Publication date: Available online 7 February 2019
Source: Journal of the American Academy of Dermatology
Author(s): Noémie Abisror, Arsène Mekinian, Agnès Dechartres, Matthieu Groh, Alice Berezne, Nicolas Noel, Chafika Morati, Julien Haroche, Mathilde Hunault-Berger, Christian Agard, Felix Ackermann, Loïk Geffray, Pierre-Yves Jeandel, Sébastien Trouillier, Thomas Quemeneur, Jean-François Dufour, Isabelle Lamaury, François Lhote, Guillaume Lefèvre, Olivier Fain
Abstract
Background
Episodic Angioedema with eosinophilia (EAE, Gleich's syndrome) is a rare disorder consisting of recurrent episodes of angioedema, hypereosinophilia and frequent elevated serum Immunoglobin M.
Methods
We conducted a retrospective multicenter nationwide study regarding the clinical spectrum and therapeutic management of patients with EAE in France.
Results
Thirty patients were included with a median age at diagnosis of 41 years [5-84]. The median duration of each crisis was 5.5 days [1-90] with swelling affecting mainly the face and the upper limbs. Total serum IgM levels were increased in 20 patients (67%).

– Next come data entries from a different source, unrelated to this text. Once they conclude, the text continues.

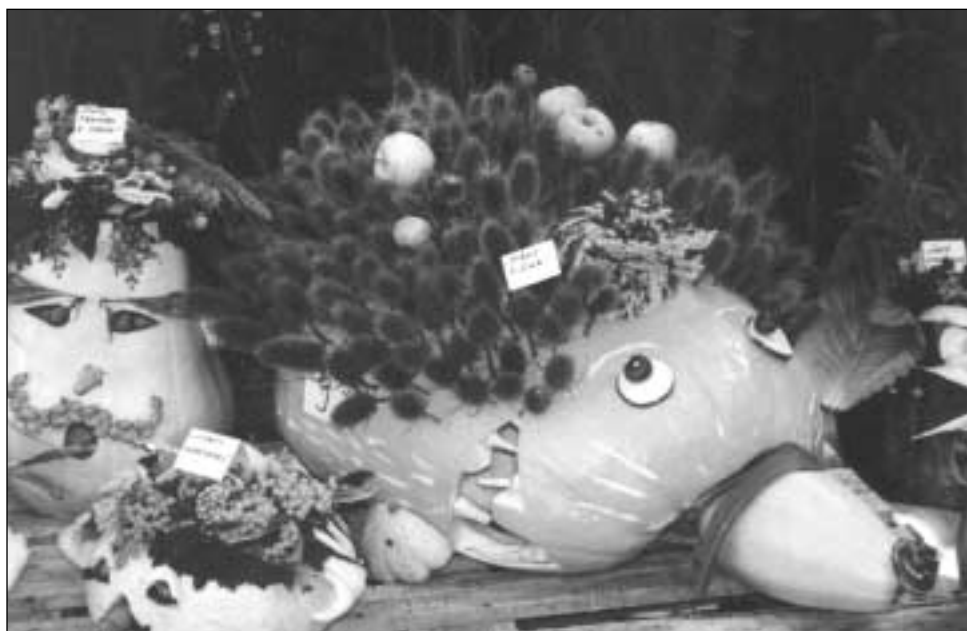
Deň zelá - Z výstavy dyňových strašidiel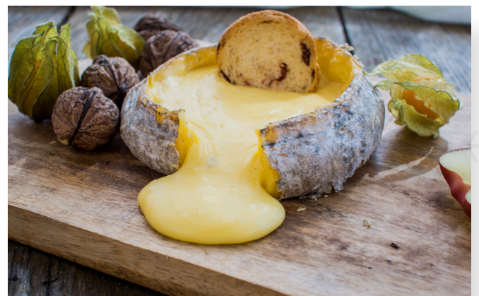
ref.1322 - 1323 FORMATGE TERRA PASTA BLANA AIRAS MONIZ (1kg. i 300gr.)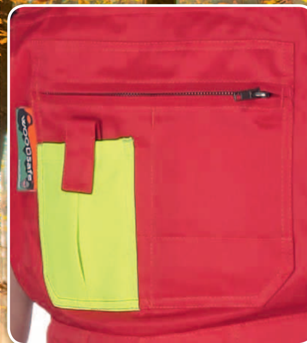
Latztasche mit Handytasche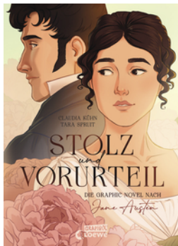
Stolz und Vorurteil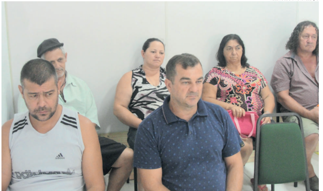
Moradores da Rua Alvorada estiveram na Câmara de Vereadores cobrando soluções de melhorias na rede elétrica administrada pela RGE Sul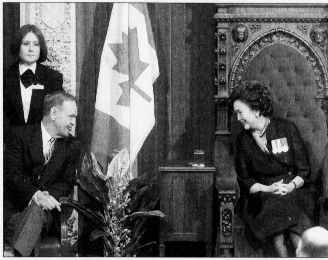
La gouverneure générale, Adrienne Clarkson, et le premier ministre Jean Chrétien échangent quelques bons mots peu avant qu'elle ne lise le discours du Trône.

Ainsi, il estime que le gouvernement Chrétien au-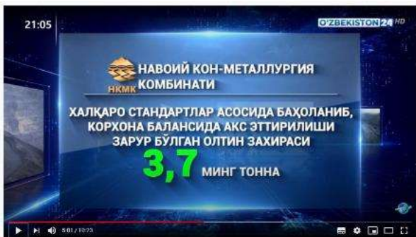
Навоий кон-металлургия комбинати замонавий компанияга айлантирилади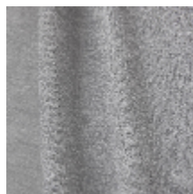
1365-04 VELA - PERLE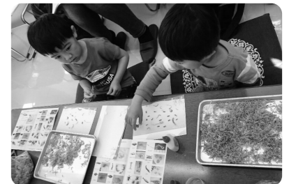
ちりめんモンスターを探せ

Abnormal T-cell immunophenotypes were detected in 12 patients (40%) among which 5 (17%) showed evidence of clonal TCR γ gene rearrangement. Median follow-up duration was 53 months [31-99]. The presence of an abnormal T-cell population was the sole factor associated with a shorter time to flare (hazard ratio 4.15 [CI 95% 1.18-14.66; p=0.02). At last follow-up, 3 patients (10%) were able to withdraw all treatments and 11 (37%) were in clinical and biological remission with less than 10 mg of daily prednisone.
Conclusion
EAE is a heterogeneous condition that encompasses several disease forms. Although patients usually respond well to glucocorticoids, those with evidence of abnormal T-cell phenotype have a shorter time to flare.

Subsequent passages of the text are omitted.